Lifting my gown, he gently raises it slowly up my legs, the feel of the delicate silk sliding up my legs making me shiver. The sensation is oddly erotic. He picks me up, my legs going around his waist immediately, and I moan from the contact.

“You look so fucking beautiful, Lola. Every guy in that room is going to want what’s mine,” he says gently, his eyes transfixed on my chest.

My body is on fire as he starts raining kisses down my neck and over my swollen breasts that are begging for his attention.

No one has ever treated me this way, like they can’t get enough of me; it’s exotic and such a turn-on.

I gasp when he moves my knickers to the side with his one hand, his other keeping me steady against the wall.

“Oh God! More,” I beg as he runs his fingers through my wet heat.

“My pleasure.” He grins, before inserting two fingers inside me. I moan as my back arches from the sheer pleasure. His skilled fingers assault my sex, pumping in and out while he swipes his thumb over my clit. My stomach tightens and my hips strain, wanting to ride his fingers until I’m coming apart all over them.

“Yes,” I breathe into his neck. My God, he feels so good.

My whole body is burning, more so when he increases his pace. I wither beneath him, bucking my hips as I meet each thrust with my own, pressing down on his fingers. I’m shaking with pleasure, my whole body heating up.

I’m so close!

“I want you to come, love. I want you to come all over my fingers,” he growls.

The minute he uses that dirty mouth of his, I’m screaming his name. I begin to shake from the aftershocks of my orgasm, so lost in the sensation that I don’t hear him undo the zipper on his trousers. Before I know it, he’s inside me, slamming his hard shaft into my sex and pushing me against the wall. I lock my ankles behind his back for support as he drives into me over and over again, hitting the spot that drives me wild.

“God, you’re so sexy. Never….” Thrust! “Been….” Thrust! “This….” Thrust! “Good,” he rasps.

I shatter into a thousand pieces. The room spins, blurring around us as I cling to Dean’s shoulders, waiting for my orgasm to subside.

We’re both breathing heavily, trying to catch our breaths when I feel his arousal dripping down my legs.

“I love you,” he says, distracting me, making me forget all about the mess between my thighs.

“I love you too,” I tell him before kissing him. He slowly places me back down on my feet, and my legs shake. He holds me up with one hand while the other smooths out my dress. Once I’m presentable, he tucks himself in and zips up his trousers.

“I take it you like my dress?” I ask sweetly, fighting a grin.

“Yes, I do. You look perfect, baby. You’re stunning and so beautiful it makes me want to take you again.
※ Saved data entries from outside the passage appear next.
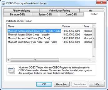 In diesem ODBC-Administrator können Sie jedoch nur Datenquellen einrichten, für die Sie entsprechende Datenbanktreiber installiert haben. Auf 32-Bit-Betriebssystemen verwenden Sie für Excel- und dBase-Tabellen und Access-Datenbanken den Microsoft JET-Treiber. |
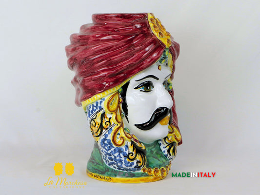 Testa di Moro uomo in Ceramica di Caltagirone turbante bordeaux spilla 26cm
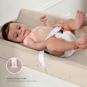 lulumoon Capa para trocador de bebês: Capa de trocador de fraldas de musselina - Lençóis de trocador para meninas e meninos - MACIO E RESPIRÁVEL: Nossas capas de trocador são feitas de 100% algodão musselina. O toque é macio e confortável, o que é muito adequado para peles sensíveis em bebês. O tecido leve e respirável manterá seu bebê fresco e confortável. - Cabe na maioria dos trocadores: as capas de trocador de musselina medem 43,2 x 83,8 cm, bolsos profundos de 17,8 cm se encaixam na maioria dos trocadores de tamanho padrão. Não se preocupe se esta capa de trocador servirá no seu trocador de fraldas. - Segurança: as faixas elásticas ao redor e os orifícios da fivela que acomodam as tiras de segurança podem aplicar rápida e firmemente a capa do trocador na posição apropriada. As capas de trocador ajustadas mantêm seu bebê seguro. - CUIDADO FÁCIL: as capas de trocador de fraldas suportam lavagem na máquina (MAX30 ° C/26.7 °C), secagem em baixa temperatura. Mais macio e confortável após cada lavagem. O design do conjunto garante que você sempre tenha um em suas mãos, o que é conveniente para sua substituição diária e lavagem. - Presente de registro: Estas capas de trocador de bebê requintadamente embaladas são definitivamente um item essencial para o registro do seu bebê. A combinação de cores foi cuidadosamente selecionada por nós, o que pode ser coordenado com a decoração de todos os temas.
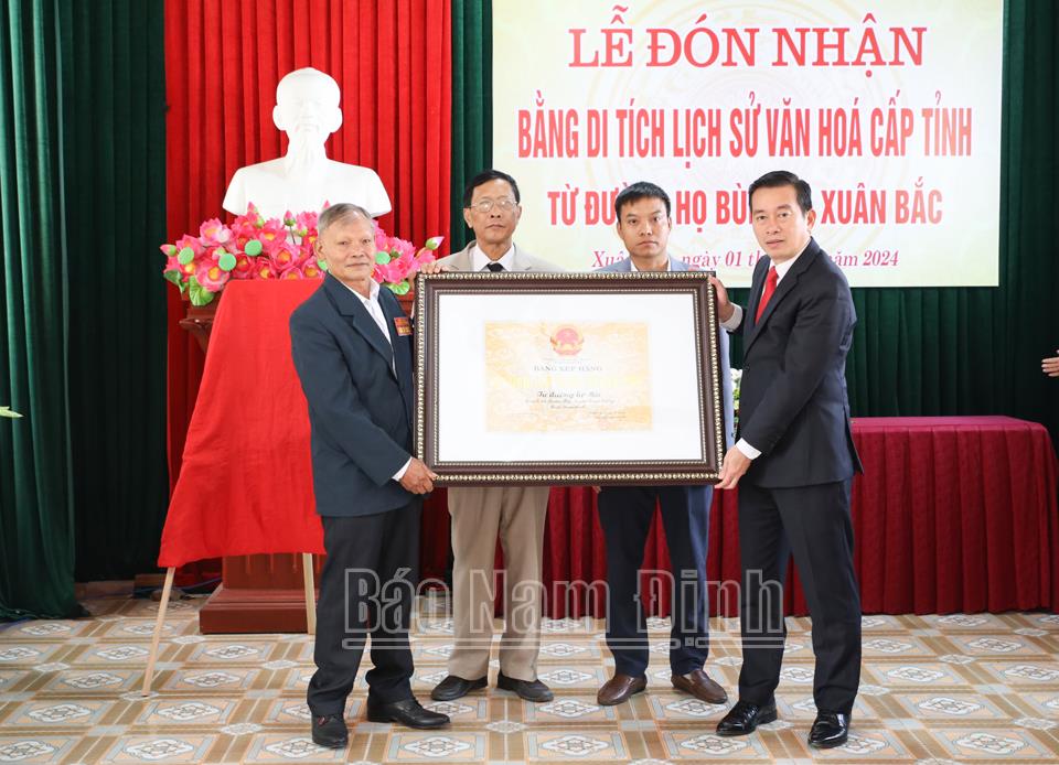 | Lãnh đạo UBND huyện Xuân Trường trao Bằng công nhận Di tích lịch sử - văn hóa từ đường Họ Bùi xã Xuân Bắc (Xuân Trường). |

Right here.” He grins, taking a step forward.

“Oh no, you don’t! We need to be at the marquee before the guests arrive. Let me go freshen up so we can get going,” I tell him, fighting myself not to say ‘fuck the event, let’s just go back to bed and make love all night.’

“You spoiled my night,” he pouts, making me giggle.

 

*** *** ***

 

“Oh my God, this place looks amazing,” I gush to Lily when we walk up to her. The marquee, which is attached to the bar toilets, and kitchen and so on, is lit up with fairy lights, elegant and magical.

Round tables are scattered everywhere with beautiful rose decorations. Silver and blue balloon arches and towers surround the room, giving it more of an edge. There’s even a champagne fountain in the middle of the room, providing a sophisticated look. I can’t believe they’ve transformed the place to look like this. This morning it was bare, plain, and I was worried they’d never make it charity-event worthy. I was wrong.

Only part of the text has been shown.